The CNN anchor moved on, first implying that the friends and families of the dead might not appreciate Spell’s “just at 8,400” deaths remark, then asking about the citations from the police department.
“You’ve been cited several times and could face 90 days in jail for each citation, a $500 fine,” Blackwell noted.
Blackwell then quoted Chief Corcoran, who stated in part: “This is not an issue over religious liberty, and it’s not about politics. We are facing a public health crisis and expect our community’s leaders to set a positive example and follow the law.”
Corcoran also stated: “Instead of showing the strength and resilience of our community during this difficult time, Mr. Spell has chosen to embarrass us for his own self-promotion.”
“Is this about self-promotion?” Blackwell asked.
Spell said that the services are not about self-promotion, and that he continues to hold them “because the word of God commands us to assemble together.” The pastor then claimed that “this is an attack on religious liberty in the greatest nation in the world.”

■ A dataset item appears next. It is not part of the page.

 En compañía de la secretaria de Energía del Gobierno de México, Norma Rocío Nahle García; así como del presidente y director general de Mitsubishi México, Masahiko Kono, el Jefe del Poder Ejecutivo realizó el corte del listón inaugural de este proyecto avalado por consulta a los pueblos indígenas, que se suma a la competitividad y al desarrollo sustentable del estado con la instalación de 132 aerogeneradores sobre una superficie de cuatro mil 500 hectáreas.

Concluding the segment, Blackwell asked Spell what the distinction is between his church and other congregations around the world that are “holding services online.”

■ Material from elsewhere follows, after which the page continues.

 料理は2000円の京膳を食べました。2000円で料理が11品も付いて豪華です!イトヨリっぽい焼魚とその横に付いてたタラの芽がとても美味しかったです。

“One word: conviction,” Spell said. “Neither the pressure of our friends, family, lawsuit, jail, or death will stop us from operating our convictions, which is, let us go into the house of the Lord. This is the most important place in our life.”

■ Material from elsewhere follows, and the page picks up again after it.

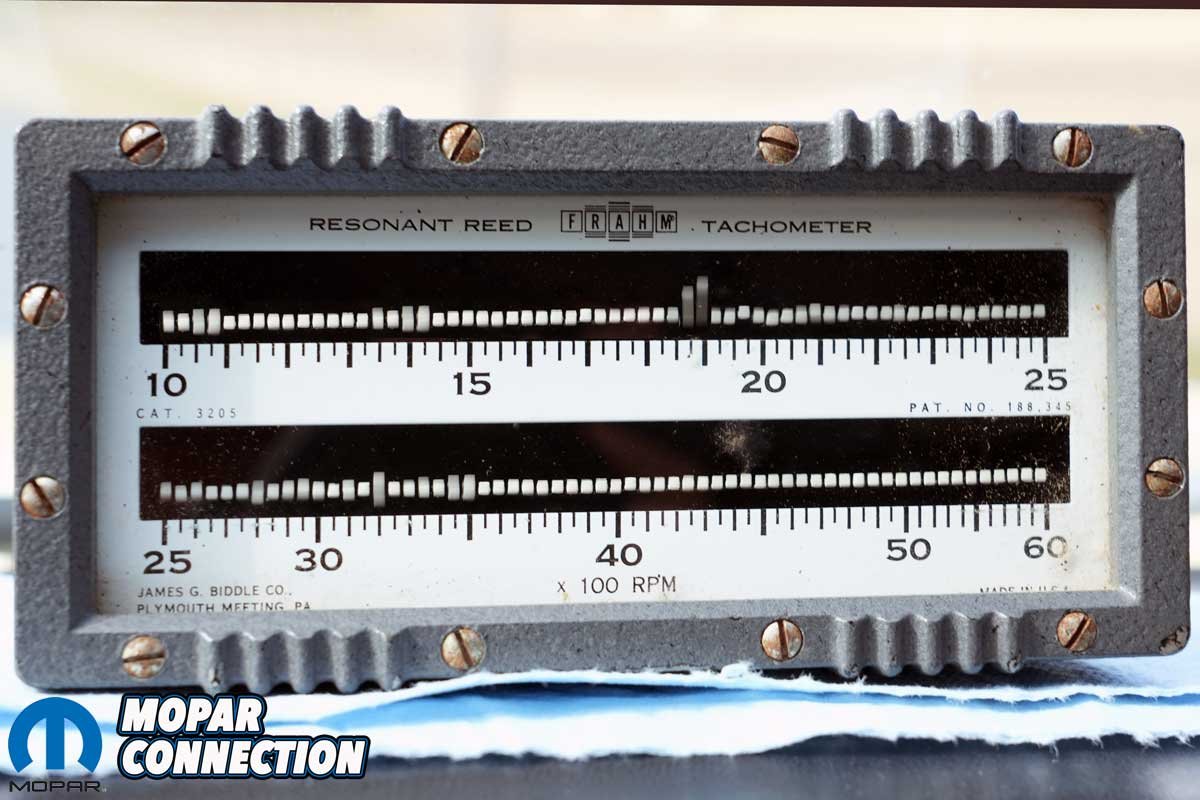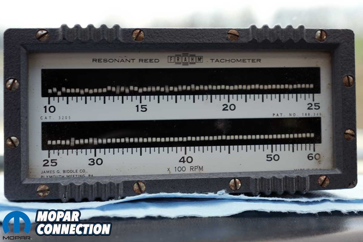 Above Left: To isolate the cause of the vibration, we used a Reed tachometer. While there are Electronic Vibration Analyzers (EVAs) and other vibration diagnostic tools, the Reed tach was a simple tool that operated without the need for power. Above Right: At 45 mph, our vibration showed up on the Reed tach at about 1850-1900 rpm. We ran the Dart above and below 45 mph, and the Reed tach did not pick up any substantial vibration, but at 45 mph, it consistently measured the vibration.

“If this were about deaths,” the pastor claimed, “then every door in this city would be closed.”
Spell added that his attorneys, including former Republican Senate candidate Roy Moore, “are gathering … information right now” presumably in order to argue against the citations.
As The Daily Wire previously reported, on March 17, Spell held services “with more than 300 in attendance,” according to the pastor. Spell also claims that approximately 1,000 people attended services on the following Sunday, March 22.
Spell said COVID-19 doesn’t “concern” him, reports WAFB. “The virus, we believe, is politically motivated. We hold our religious rights dear and we are going to assemble no matter what someone says,” Spell reportedly stated.
As of Saturday, East Baton Rouge, Louisiana, has seen 656 confirmed cases of COVID-19, and 22 deaths, according to data from the Johns Hopkins Center for Systems Science and Engineering (CSSE) Global Cases map. The virus has infected more than 335,500 Americans, leading to 9,458 deaths.
In Orleans and Jefferson, there have been a combined 7,154 cases and 274 deaths as of publication.